Troubleshooting and verification steps
The first thing to consider when facing Elemental issues is to acknowledge in which process or phase the issue appears. These are the phases or stages of a regular Elemental life cycle:
-
Create a MachineRegistration resource
-
The user provides node installation and configuration parameters.
-
The Elemental operator generates a token based registration URL.
-
-
Create a SeedImage resource
-
Builds and serves an ISO or RAW image with the selected OS and including the registration URL of the given MachineRegistration.
-
-
Register and installation of nodes
-
Boot an ISO or RAW from a SeedImage and it auto-registers creating a MachineInventory.
-
Installation starts and reboots to the installed system applying the configuration that was given in the associated MachineRegistartion.
-
-
Creation of a new Elemental cluster
-
The new cluster uses the node selector criteria to adopt matching MachineInventories.
-
The Elemental operator adds a finalizer to the adopted MachineInventories to handle the reset use case.
-
-
K8s provisioning
-
The Elemental operator triggers Rancher provisioning scripts with the
elemental-system-agentservice. -
Rancher handles the rest of the Kubernetes provisioning at this point. Provisioning system installs
rancher-system-agentservice in nodes which will follow and execute the plans provided by the management cluster.
-
-
Create a ManagedOSImage resource (OS Upgrade)
-
Creates a System Upgrade Controller (SUC) plan which runs the OSImage as a pod in the downstream cluster on each node one by one to self dump into a new snapshot.
-
-
Kubernetes upgrade
-
Entirely managed by Rancher, there are no Elemental specific procedures at this stage.
-
What to check in different phases
These are a few checks and validations that should be considered to narrow and better scope the issue.
Issues building the installation media (SeedImage)
-
Check the associated SeedImage resource status and check the related pod and its logs (a pod named with the
media-image-regprefix). -
If the
seedimagepod is not launched, theelemental-operatorpod logs related to SeedImage resources will be helpful.
Issues creating the MachineInventory (image boot + register + OS install)
-
The installer media does not register.
-
Check in the SeedImage if the
livecd-cloud-config.yamlis consistent with an active MachineRegistration in Rancher. Then check if the node has access to the URL and, finally, check the logs of theelemental-register-install.service.
-
-
The MachineInventory is created but never turns into active state.
-
Check if the
elemental-register-install.servicefailed, and if so, check the service logs. -
If the installation succeeded but there was no reboot, then check if the MachineRegistration has the reboot set to
truein the install section. -
If the system rebooted but failed to finalize registration, check the
elemental-register.servicelogs.
-
Issues assigning machines to a cluster
Check all values are consistent: labels in nodes vs the selector criteria in the new cluster and the number of nodes the cluster is defined for.

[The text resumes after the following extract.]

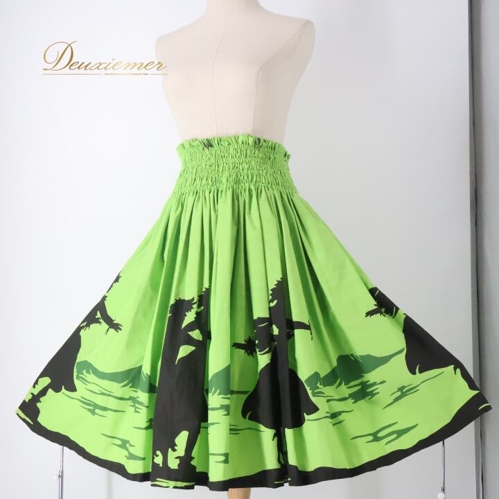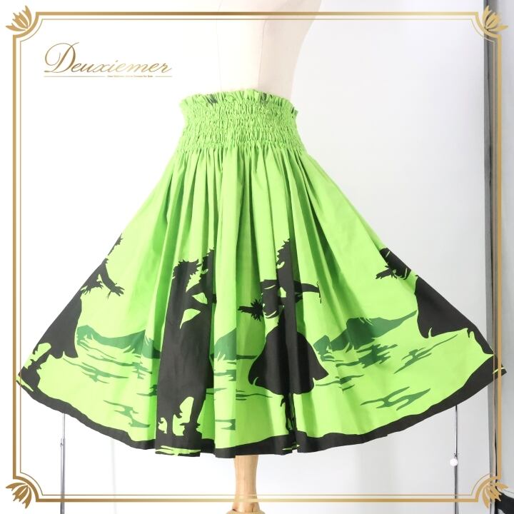 フラダンス 衣装 パウスカート グリーン系 ハワイアンプリント ダンサー柄 アロハ フラ ダンス レッスン 練習 ブラック系 黄緑 黒 ハワイアン 華やか 鮮やか かわいい おしゃれ シングル スカート ふんわり フラダンス衣装 パウスカート 鮮やかなグリーン ダンサー柄 練習着 可愛いスカート トロピカルスタイル ハワイアンビーチ リゾートファッション レッスン用 ヒラヒラ プリント スカートファッション
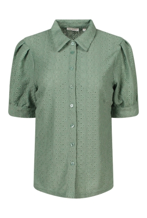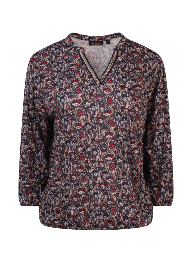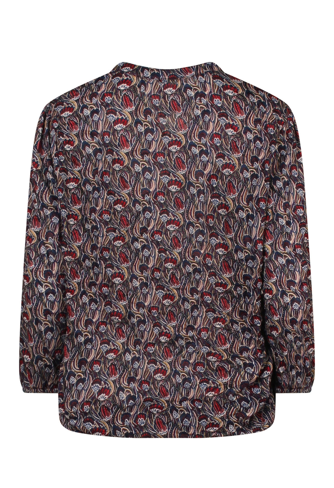 Deze dames top is gemaakt van een lichte pol crush stof en uitgevoerd met een stijlvol dessin. De fancy tape details en de 3/4 mouwen geven de blouse een moderne en elegante uitstraling. Dankzij de soepele stof draagt hij heerlijk comfortabel. Perfect om casual te combineren met een jeans of juist te stylen met een nette broek of rok voor een meer geklede look.

Otherwise check for related errors in the elemental-operator logs (check the traces for MachineInventory and MachineInventorySelector resources).
Issues provisioning Kubernetes
Elemental triggers Rancher provisioning via the elemental-system-agent. If the elemental-system-agent does not report errors the root cause of any issue is likely to be related with the Rancher provisioning process.
Issues upgrading nodes OS
Check if the System Upgrade Controller (SUC) plan is created and launched to downstream clusters. If this was successful, check and provide the logs for the pod that the SUC launched in the downstream cluster (a pod named with the apply-os-upgrader prefix). Downgrades are not allowed by default, so check if both versions of the OS are acceptable, the current version and the version to upgrade to.